Figure 2. Excluding rare epitopes.

We see that excluding rare variants decreases the coverage, but only slightly. Coverage of polyvalent (m = 2) solutions is shown as a function of minimum count n_o. These graphs are created by sequentially increasing n_o and eliminating all nodes e from the graph for which f(e) ≤ f_o = n_o/N, where N is the number of sequences in the sample population set. This continues until the maximum n_o is achieved for which a path still exists from Begin to End. Note that this maximum value can be computed directly from the graph, before this sequential process is employed. Blue dashed lines correspond to coverage given by the direct sequential algorithm; the black solid lines are based on the best solutions after 100 random restarts. To facilitate comparison, the vertical axis, in all three plots, is restricted to a range of 0.015.

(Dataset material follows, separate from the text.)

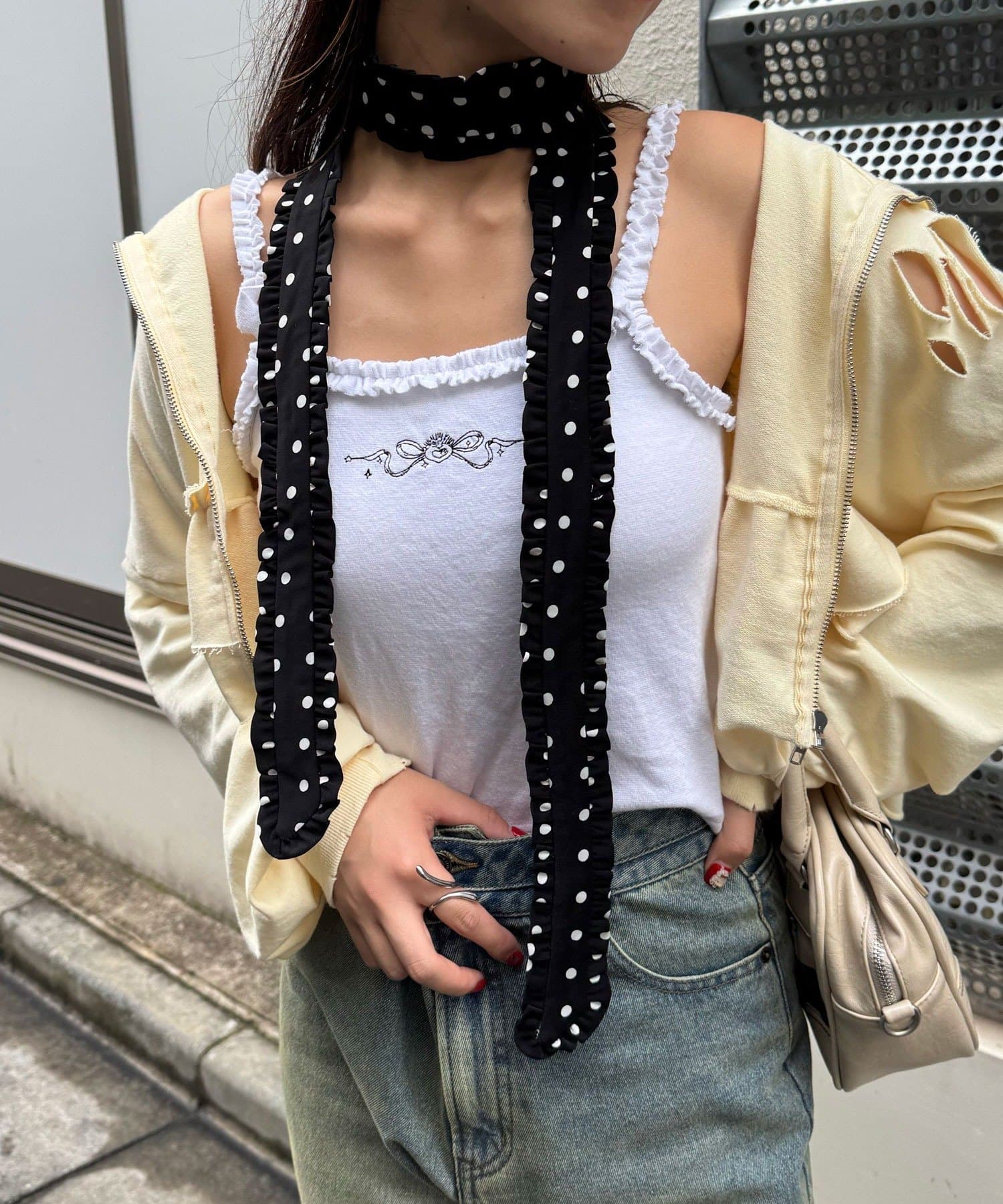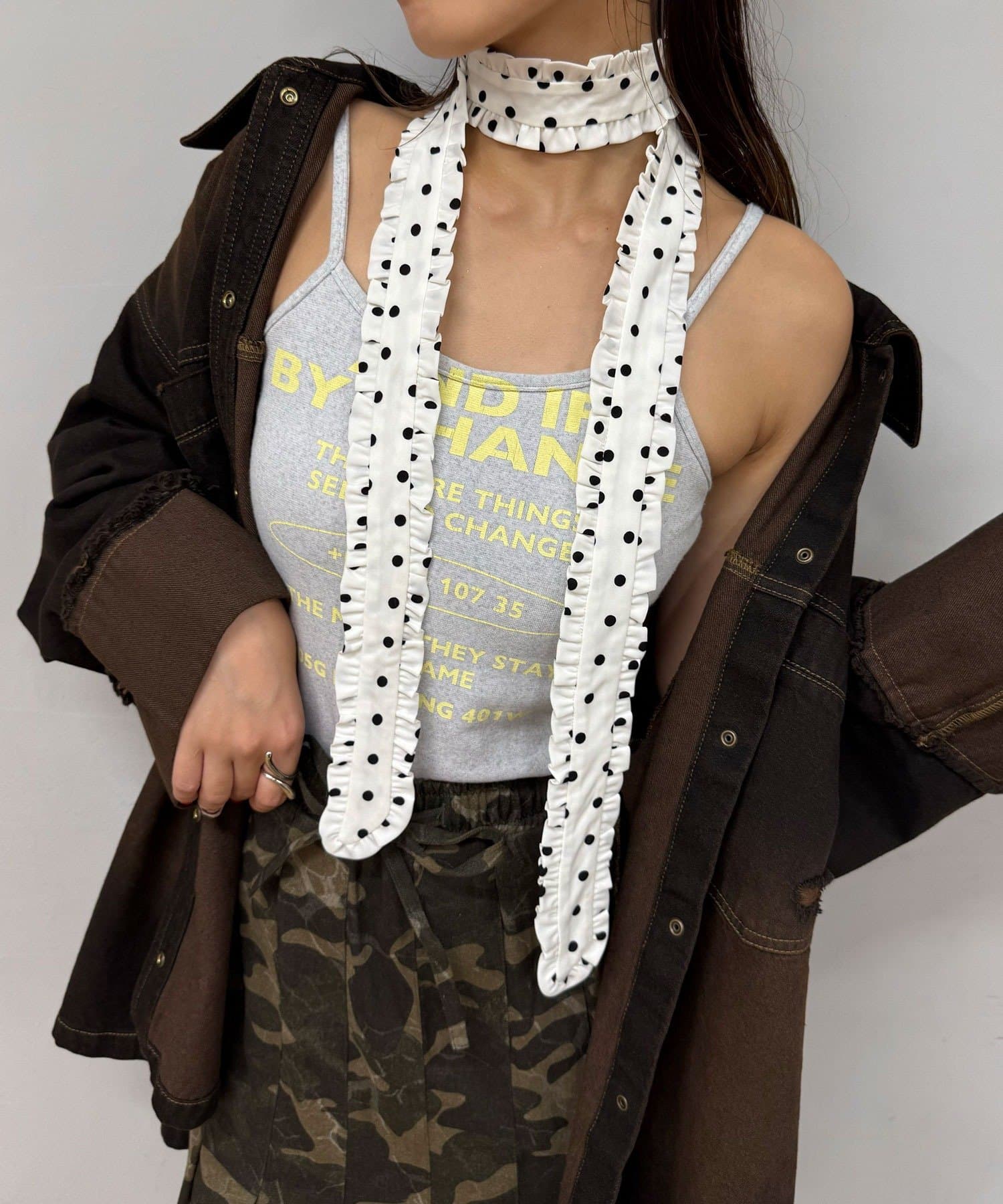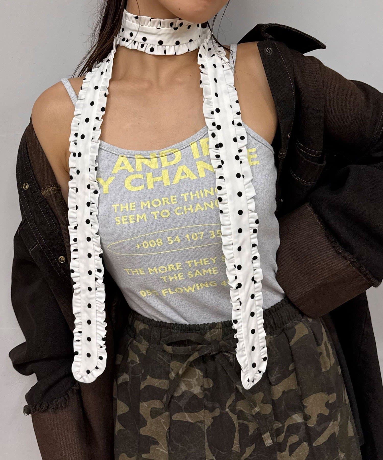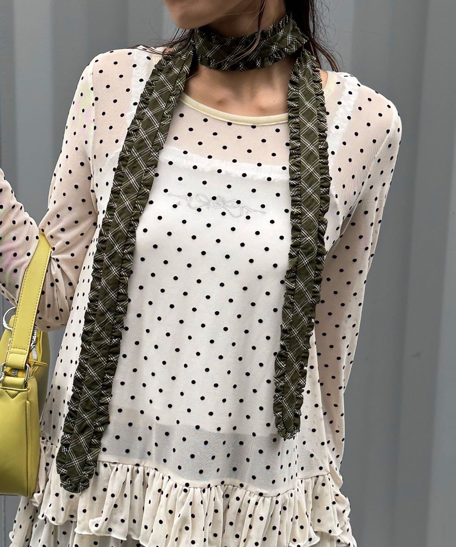 フリルネクタイは、ニットやカーディガンにチョーカー巻きで取り入れると◎

Figure 3. Two-antigen vaccine coverage.

Comparisons illustrating the average epitope coverage per sequence of 189 B clade sequences isolated in the United States within the last decade, considered as a hypothetical target population for a tailored therapeutic vaccine (TTV). To illustrate PTE coverage using a pair of natural within-B clade sequences as vaccine antigens, 5000 randomly selected pairs of natural B clade sequences (gray) were evaluated as potential vaccines, and the distribution of average coverage of the sequences by natural pairs of antigens is shown in the gray histogram. This is compared to the average coverage provided by a two-antigen set of M group Epigraphs (M database, blue), a two-antigen set of global B clade Epigraphs (B database, green), and a US B clade TTV where the n = 2 best matches from a set of m = 6 representative Epigraphs for manufacture were chosen as a “tailored” match for each of the 189 natural B clade US sequences. The TTV antigens provide the best matches. Of note, the global M group two-antigen Epigraph solutions perform better than two natural B clade Gag proteins even in a within-clade setting, and the M group Epigraphs have the potential for a global response at or near this level of PTE coverage across all clades. (A) The comparisons for the full Gag protein, (B) The comparisons for only the conserved p24 region.

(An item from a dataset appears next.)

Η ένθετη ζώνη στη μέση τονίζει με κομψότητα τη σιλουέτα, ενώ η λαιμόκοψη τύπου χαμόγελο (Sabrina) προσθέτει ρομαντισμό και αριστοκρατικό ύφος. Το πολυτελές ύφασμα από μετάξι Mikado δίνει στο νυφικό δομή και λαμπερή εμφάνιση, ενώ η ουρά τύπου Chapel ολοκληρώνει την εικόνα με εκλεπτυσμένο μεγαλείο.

Figure 4. Ebola Epigraphs.

(A) PTE Epigraph coverage of Ebola relative to a full proteome alignment, including one representative sequence per human outbreak. All 7 proteins in the Filovirus proteome (excluding soluble GPs) were concatenated, 2 Epigraph sequences were generated spanning the full proteome, and these were used to identify the most conserved regions in the proteome based on PTE coverage, highlighted in red. The black line shows 8/9 coverage, the gray line the 9/9, of the population by the 2 Epigraphs, for each consecutive 9-mer in the alignment. The four highly conserved regions together span 825 amino acids. (B) PTE coverage of Filovirus species by different vaccine options. The natural vaccine candidates used were the reference strains EBOV Yambuku-Mayinga, NC_002549; SUDV Gulu, NC_006432; and MARV Mt. Elgon-Musoke, NC_001608. (The four-letter uppercase species names the use standard nomenclature, described in the text). Columns represent the average PTE coverage for a given species, ordered left-to-right according to the legend, for different vaccine options. Deeper colors show 9/9 PTE matches, lighter colors the added coverage by 8/9 matches. Ebolavirus genus species are red, Marburgvirus blue, and Cuevavirus purple. There is a high level of PTE coverage within-species. Vaccines being evaluated in West Africa use a natural EBOV GP antigen, and PTE coverage would be excellent for other EBOV strains, but poor for other species (green box, top left). In contrast, a three-antigen conserved-region Epigraph has excellent coverage across all known sequences sampled from Filoviridae (green box, bottom right).